__EXERCISE GOAL__
Write down the listing again exactly as it appears below, without its pictures.

__INPUT RECORDS__
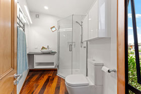North-facing and just 60 steps to the sand and surf break, the home is designed for easy indoor-outdoor living. Three Kwila decks extend the living areas, offering options throughout the day for sun, shelter and entertaining, with the reserve as a constant coastal backdrop. The scale is deceptive as interiors are generous, flexible and well suited to extended family living, comfortably sleeping up to eight.
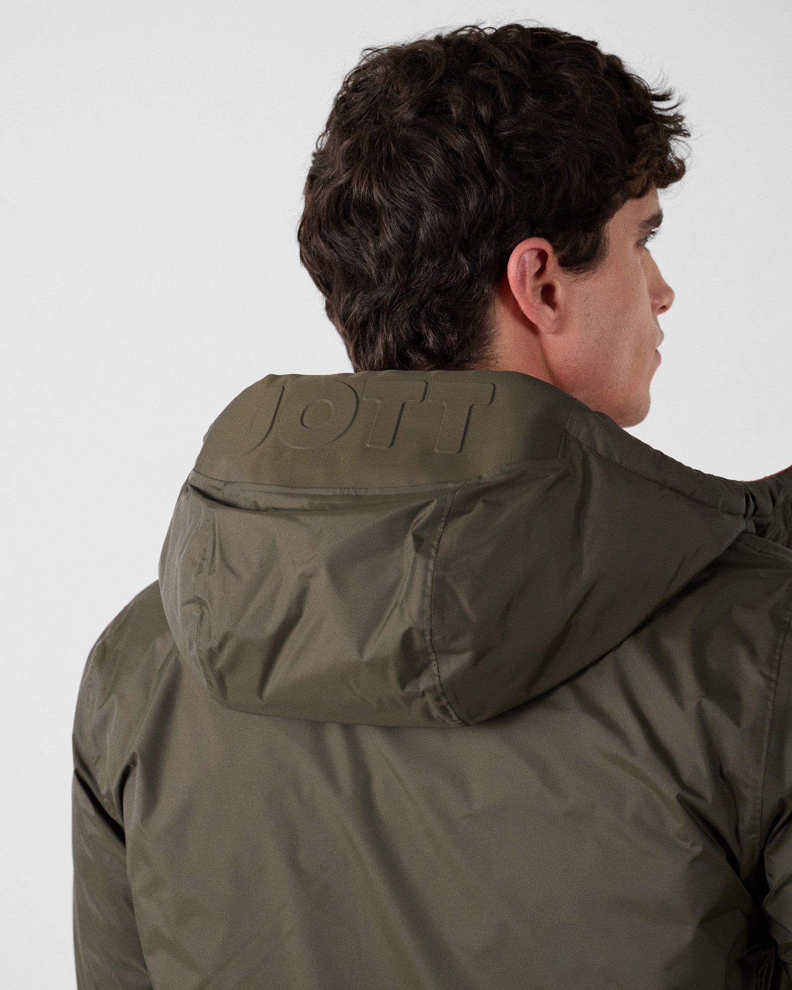 - Détail « JOTT » embossé sur le dessus de la capuche
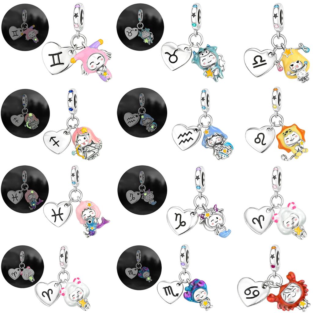 Original Copper Charms Lucky Signs Of The Zodiac Beads Luminous Stars Pendants Fit Bracelet Diy Fine Jewelry Gift
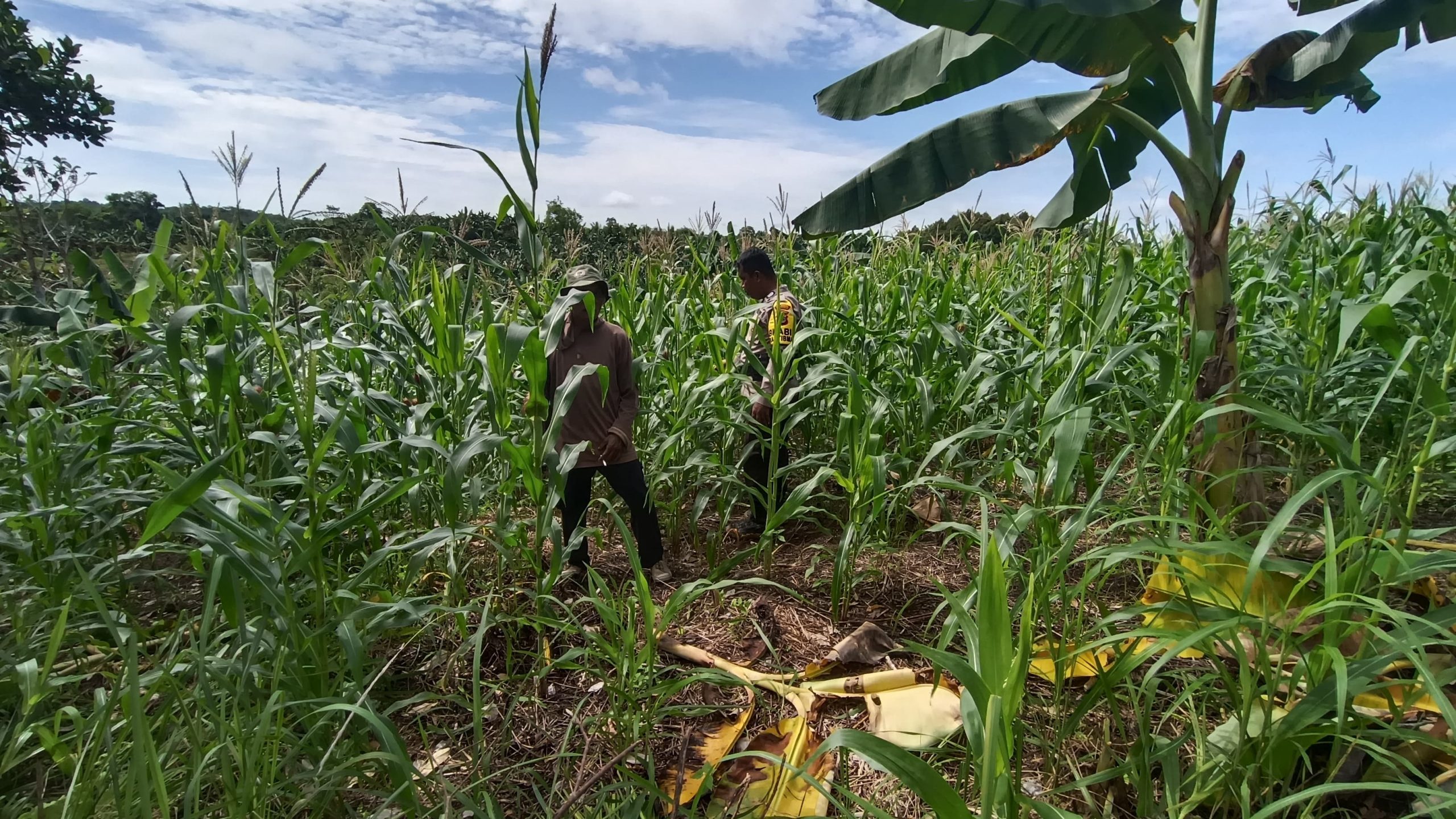 Kegiatan tersebut dilakukan dengan turun langsung ke lapangan untuk memantau kondisi tanaman jagung, memastikan pertumbuhan tanaman berjalan dengan baik, serta memberikan pendampingan kepada petani dalam mengelola lahan pertanian.
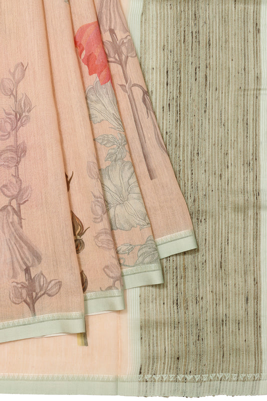 Description- In the realm of Green Mashru Silk Saree with Elephant and Floral Motifs, the...
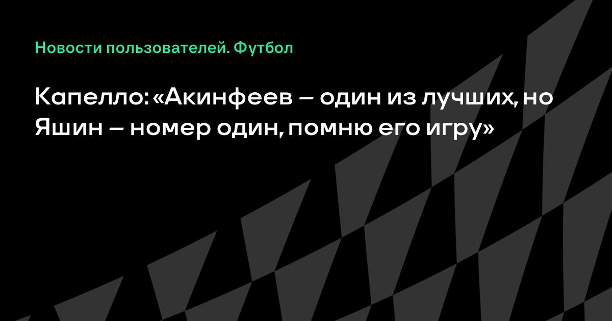 Как и все голкиперы, Игорь важен для команды. У соперника может быть всего шанс за игру — и вратарю в этот момент нужно не подвести. Он должен оставаться сосредоточенным вне зависимости от того, давят на его ворота или нет. На мой взгляд, Игорю это удавалось. Сравним ли Акинфеев с Яшиным? Игорь — один из лучших, но Яшин для меня — номер один. Помню его игру», — сказал Капелло.
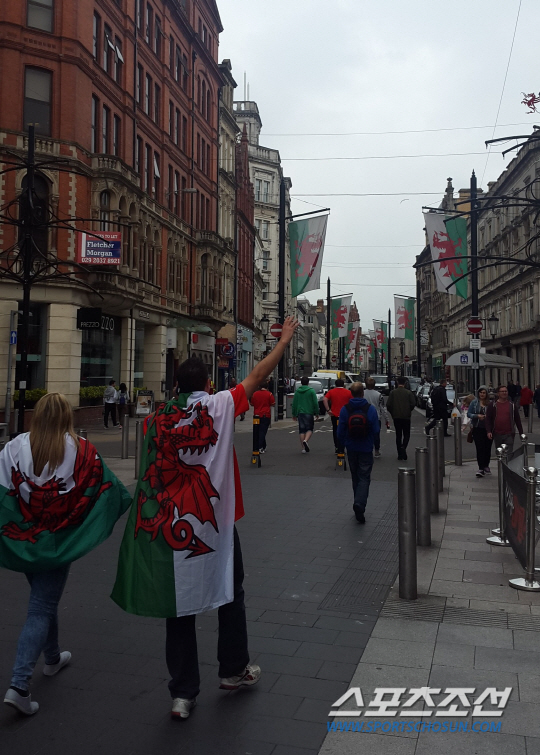 카디프 중앙역에서 카디프성까지 펼쳐져있는 세인트메리스트리트에는 '어 드라이그 고흐(Y Ddraig Goch, 웨일스의 국기)'가 쫙 펼쳐져 있었다. 웨일스의 국기를 두르고, 붉은 유니폼을 입은 사람들이 결전을 준비하고 있었다. 공식 팬존이 있는 뷰트 파크까지 걸어가며 함성을 지르고 노래를 불렀다.
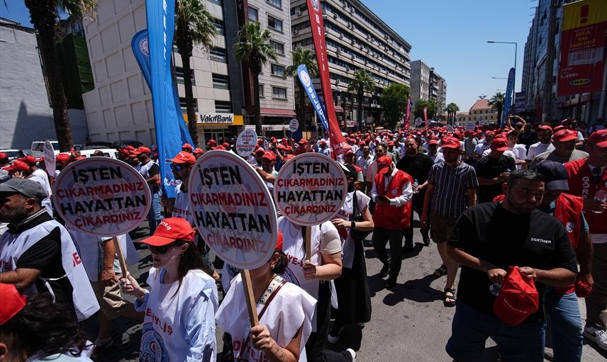 İzmir Büyükşehir Belediyesi'nde işten çıkarılan işçiler, Türkiye Belediyeler ve Genel Hizmetler İşçileri Sendikası (Belediye-İş) liderliğinde protesto eylemi düzenledi.
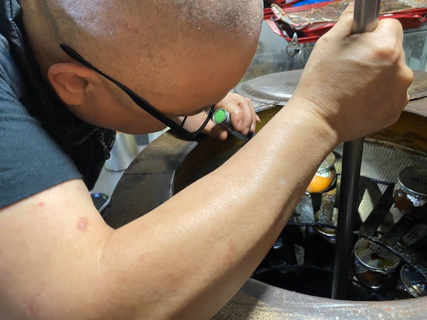 原來在甕裡拿瓦罐也是要有技術的!趁老闆在介紹時拍了幾張XD
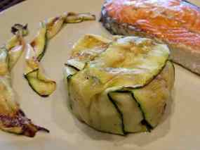 - Tallar el carbassó a làmines molt primes amb una mandolina.
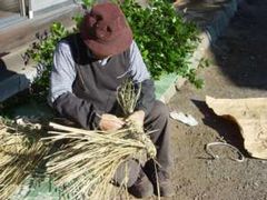 | かつて農家が数多くあった時代には、正月を迎えるに当たり、玄関などさまざまな所に飾る正月飾りを各家で作っていました。現在ではこうした自家製のお飾りを見かけることはほとんど無くなってしまいましたが、たまたま昨年(平成23年)の暮に、久しぶりにお飾り作りを見させていただくことができました。
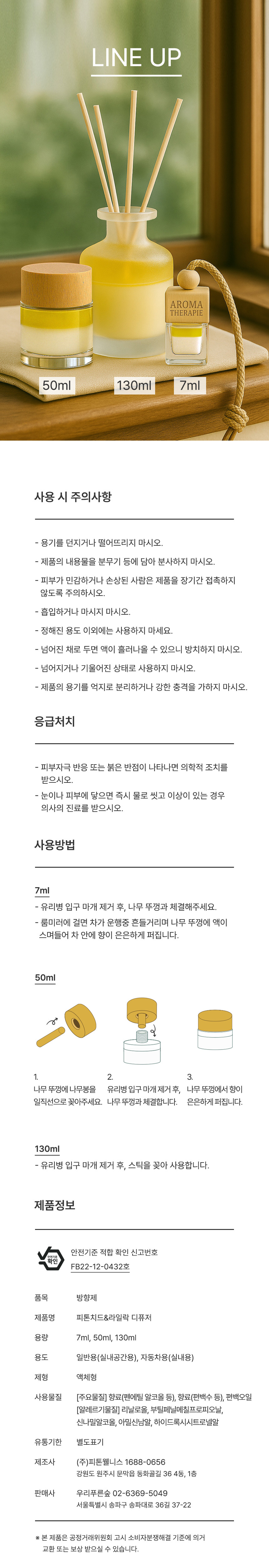 • 피톤치드 편백오일 디퓨저 방향제(차량용, 실내용)
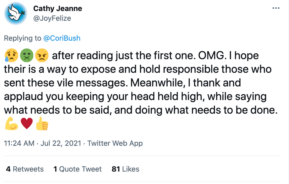 Bush shared several other tweets either threatening or wishing her and her family death, citing her views about racial justice as justification, even going so far as to call Bush herself a racist for supporting basic human rights and equality.
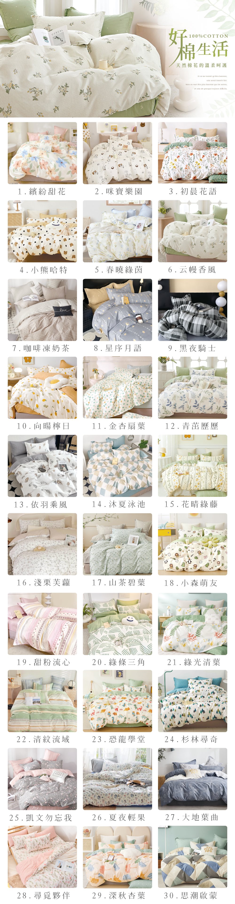 ⭐商品說明⭐▪ 材質: 100%純棉▪ 產地:台灣製造(MIT)▪ 床包:採用全包覆式鬆緊帶,可防止床包滑動▪ 枕套:美式信封枕套▪ 被套:有四角綁繩▪ 床包包覆高度:28cm±5%⭐尺寸說明⭐🎀單人床包二件組1. 單人薄床包(105*186cm) x1 2. 信封式枕套(45*75cm±5%) x1🎀單人床包被套三件組 1.單人薄床包(105*186cm) x12.單人薄被套(135*195 cm) x13.信封式枕套(45*75cm±5%) x1🎀雙人床包三件組 1.雙人薄床包(150*186cm) x12.信封式枕套(45*75cm±5%) x2🎀雙人床包被套四件組 1.雙人薄床包(150*186cm) x12.雙人薄被套(180*210cm) x1 3.信封式枕套(45*75cm±5%) x2🎀雙人加大床包三件組 1.雙人加大薄床包(180*186cm) x1 2.信封式枕套(45*75cm±5%) x2🎀雙人加大床包被套四件組 1.雙人加大薄床包(180*186cm) x1 2.雙人薄被套(180*210cm) x1 3.信封式枕套(45*75cm±5%) x2🎀純棉雙人四件式舖棉兩用被床包組 1.雙人薄床包(150×186公分) x1 2.舖棉兩用被套(180×210公分) x1 3.信封式枕套(45*75cm±5%) x2🎀雙人加大四件式鋪棉兩用被床包組 1.雙人加大薄床包(180*186cm) x1 2.舖棉兩用被套(180×210公分) x1 3.信封式枕套(45*75cm±5%) x2⚠️注意事項⚠️.因布料裁切位置的不同,部份花版可能會與商品圖略有出入,請以收到的實品為主。.個人衛生用品,如經拆封使用、下水洗滌或拆解以致缺乏完整性及失去再販售價值時,恕不接受退換貨。搜尋【duyan_bedding】可看到更多商品
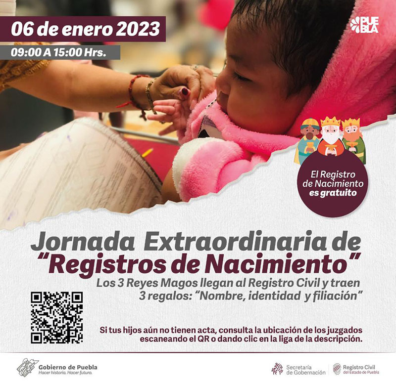 Para dotar de identidad jurídica y social a todas las y los poblanos, el Gobierno del Estado, a través de la Secretaría de Gobernación (Segob), llevará a cabo este 6 de enero una jornada extraordinaria de registros de nacimiento, dirigida a padres de familia que por alguna razón no han realizado este trámite gratuito para sus hijas e hijos; las y los interesados deberán asistir a la oficina del Registro Civil más cercana e iniciar el procedimiento para obtener este documento.
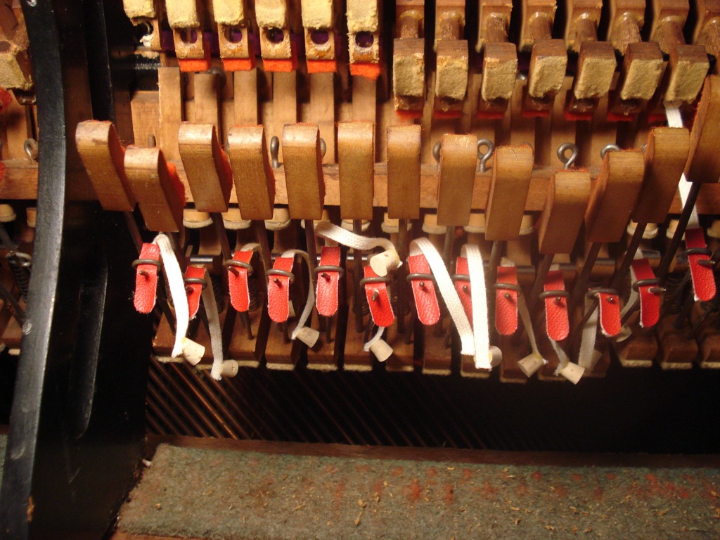 This is an early 1900’s upright, that I’ve been working on for a client. Mice had inhabited the piano for an extended length of time. (See further down the page for the cleanup pics) The mice also ate all of the bridal straps, along with some other things. In the pics below I’m removing the remnants of the old straps and replacing with new ones.

__RESULT OF THE EXERCISE__
North-facing and just 60 steps to the sand and surf break, the home is designed for easy indoor-outdoor living. Three Kwila decks extend the living areas, offering options throughout the day for sun, shelter and entertaining, with the reserve as a constant coastal backdrop. The scale is deceptive as interiors are generous, flexible and well suited to extended family living, comfortably sleeping up to eight.
 - Détail « JOTT » embossé sur le dessus de la capuche
 Original Copper Charms Lucky Signs Of The Zodiac Beads Luminous Stars Pendants Fit Bracelet Diy Fine Jewelry Gift
 Kegiatan tersebut dilakukan dengan turun langsung ke lapangan untuk memantau kondisi tanaman jagung, memastikan pertumbuhan tanaman berjalan dengan baik, serta memberikan pendampingan kepada petani dalam mengelola lahan pertanian.
 Description- In the realm of Green Mashru Silk Saree with Elephant and Floral Motifs, the...
 Как и все голкиперы, Игорь важен для команды. У соперника может быть всего шанс за игру — и вратарю в этот момент нужно не подвести. Он должен оставаться сосредоточенным вне зависимости от того, давят на его ворота или нет. На мой взгляд, Игорю это удавалось. Сравним ли Акинфеев с Яшиным? Игорь — один из лучших, но Яшин для меня — номер один. Помню его игру», — сказал Капелло.
 카디프 중앙역에서 카디프성까지 펼쳐져있는 세인트메리스트리트에는 '어 드라이그 고흐(Y Ddraig Goch, 웨일스의 국기)'가 쫙 펼쳐져 있었다. 웨일스의 국기를 두르고, 붉은 유니폼을 입은 사람들이 결전을 준비하고 있었다. 공식 팬존이 있는 뷰트 파크까지 걸어가며 함성을 지르고 노래를 불렀다.
 İzmir Büyükşehir Belediyesi'nde işten çıkarılan işçiler, Türkiye Belediyeler ve Genel Hizmetler İşçileri Sendikası (Belediye-İş) liderliğinde protesto eylemi düzenledi.
 原來在甕裡拿瓦罐也是要有技術的!趁老闆在介紹時拍了幾張XD
 - Tallar el carbassó a làmines molt primes amb una mandolina.
 | かつて農家が数多くあった時代には、正月を迎えるに当たり、玄関などさまざまな所に飾る正月飾りを各家で作っていました。現在ではこうした自家製のお飾りを見かけることはほとんど無くなってしまいましたが、たまたま昨年(平成23年)の暮に、久しぶりにお飾り作りを見させていただくことができました。
 • 피톤치드 편백오일 디퓨저 방향제(차량용, 실내용)
 Bush shared several other tweets either threatening or wishing her and her family death, citing her views about racial justice as justification, even going so far as to call Bush herself a racist for supporting basic human rights and equality.
 ⭐商品說明⭐▪ 材質: 100%純棉▪ 產地:台灣製造(MIT)▪ 床包:採用全包覆式鬆緊帶,可防止床包滑動▪ 枕套:美式信封枕套▪ 被套:有四角綁繩▪ 床包包覆高度:28cm±5%⭐尺寸說明⭐🎀單人床包二件組1. 單人薄床包(105*186cm) x1 2. 信封式枕套(45*75cm±5%) x1🎀單人床包被套三件組 1.單人薄床包(105*186cm) x12.單人薄被套(135*195 cm) x13.信封式枕套(45*75cm±5%) x1🎀雙人床包三件組 1.雙人薄床包(150*186cm) x12.信封式枕套(45*75cm±5%) x2🎀雙人床包被套四件組 1.雙人薄床包(150*186cm) x12.雙人薄被套(180*210cm) x1 3.信封式枕套(45*75cm±5%) x2🎀雙人加大床包三件組 1.雙人加大薄床包(180*186cm) x1 2.信封式枕套(45*75cm±5%) x2🎀雙人加大床包被套四件組 1.雙人加大薄床包(180*186cm) x1 2.雙人薄被套(180*210cm) x1 3.信封式枕套(45*75cm±5%) x2🎀純棉雙人四件式舖棉兩用被床包組 1.雙人薄床包(150×186公分) x1 2.舖棉兩用被套(180×210公分) x1 3.信封式枕套(45*75cm±5%) x2🎀雙人加大四件式鋪棉兩用被床包組 1.雙人加大薄床包(180*186cm) x1 2.舖棉兩用被套(180×210公分) x1 3.信封式枕套(45*75cm±5%) x2⚠️注意事項⚠️.因布料裁切位置的不同,部份花版可能會與商品圖略有出入,請以收到的實品為主。.個人衛生用品,如經拆封使用、下水洗滌或拆解以致缺乏完整性及失去再販售價值時,恕不接受退換貨。搜尋【duyan_bedding】可看到更多商品
 Para dotar de identidad jurídica y social a todas las y los poblanos, el Gobierno del Estado, a través de la Secretaría de Gobernación (Segob), llevará a cabo este 6 de enero una jornada extraordinaria de registros de nacimiento, dirigida a padres de familia que por alguna razón no han realizado este trámite gratuito para sus hijas e hijos; las y los interesados deberán asistir a la oficina del Registro Civil más cercana e iniciar el procedimiento para obtener este documento.
 This is an early 1900’s upright, that I’ve been working on for a client. Mice had inhabited the piano for an extended length of time. (See further down the page for the cleanup pics) The mice also ate all of the bridal straps, along with some other things. In the pics below I’m removing the remnants of the old straps and replacing with new ones.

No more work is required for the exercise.